Therefore, to determine the best fit for the ejection conditions, such as the rotation angle (*γ*), direction angle (*α*), and ejection speed, the average drag coefficient *C*
_{D} = 0.8 obtained by Alatorre-Ibargüengoitia and Delgado-Granados (2006) was mainly used. Possible ranges for the ejection speed, landing velocity, and landing energy were then discussed by varying the drag coefficient within the range of 0.62–1.01 obtained in the individual experiments by Alatorre-Ibargüengoitia and Delgado-Granados (2006).

The gas flow may affect the particle transport when the explosion occurs, especially around the vent. To assess this effect, the gas flow velocity around the vent was included in the simulation. The range in which the gas flow may affect the particle transport (Fig. 2d) is the distance from the ejection position in which the flow velocity is included in the particle velocity calculation. This is a type of drag effect, as the flow velocity is implemented in the drag term of Eq. (1).

The gas flow effect range was set to 100 m for all simulations because the pyroclastic cone that formed around the center vent was approximately 200 m in diameter (vent “J4” of Fig. 2 in Kaneko et al. 2016).
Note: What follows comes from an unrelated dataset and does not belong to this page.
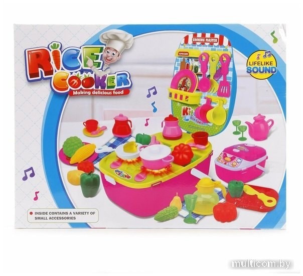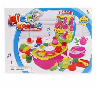 | Посуда, продукты, аксессуары в комплекте | чашка (3 шт), ложка, нож, кастрюля, сковорода, кухонные приборы (лопатка - 2 шт), тарелка (3 шт), чайник, кувшин, бокал (3 шт), заварник Продукты: овощи (картошка), перец |

This suggests that the explosive gas flow affected the particles within this area. However, the gas flow effect range is outside the scope of this study because the objective of this study is to ascertain which parameters significantly affect the ejection and landing conditions. In fact, the gas flow effect range changes less than 10 % of maximum travel distance when it is doubled in our trial simulation.

### Particle density

For the initial conditions of our model, the particle density was measured in a laboratory. Five blocks were sampled by the joint observation group of the 2014 Mount Ontake eruption. Six rock samples, which were obtained by the members of the Joint Survey Team of the Japanese Coordinating Committee for Prediction of Volcanic Eruptions, were weighed in ambient air and in water. Then, the density was calculated based on the method by Shea et al. (2010) but without wrapping film because our samples were not overly vesiculated. Furthermore, the blocks were not cut into pieces, as the purpose of obtaining the particle density was to apply the values of the complete block to the numerical simulation.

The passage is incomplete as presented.